* **YOUR INSTRUCTIONS**
Begin at the line that has "csökkenti a testsúlyt.", stop after the line that has "The Waveform view", and print exactly those lines from the records below, without any pictures.

* **GIVEN ENTRIES**
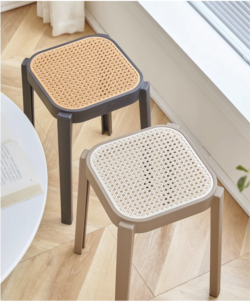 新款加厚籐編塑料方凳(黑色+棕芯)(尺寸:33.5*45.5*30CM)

...

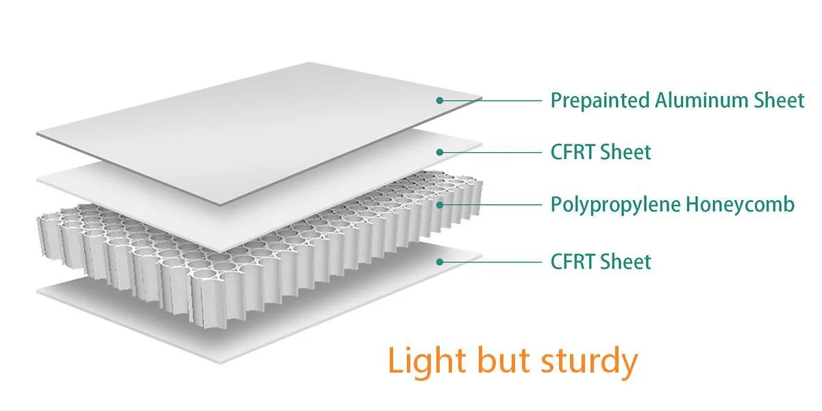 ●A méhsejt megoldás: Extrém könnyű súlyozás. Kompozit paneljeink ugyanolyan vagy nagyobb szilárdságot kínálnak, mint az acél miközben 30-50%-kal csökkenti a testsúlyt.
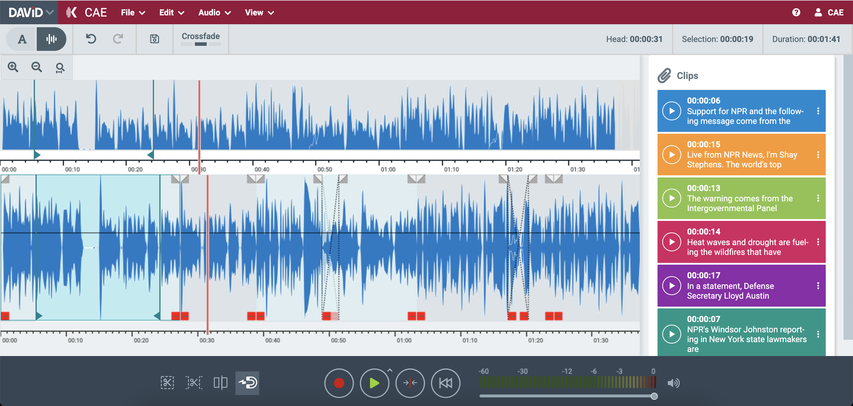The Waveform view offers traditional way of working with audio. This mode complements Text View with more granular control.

* **RESPONSE FOR THIS EXERCISE**
 ●A méhsejt megoldás: Extrém könnyű súlyozás. Kompozit paneljeink ugyanolyan vagy nagyobb szilárdságot kínálnak, mint az acél miközben 30-50%-kal csökkenti a testsúlyt.
The Waveform view offers traditional way of working with audio. This mode complements Text View with more granular control.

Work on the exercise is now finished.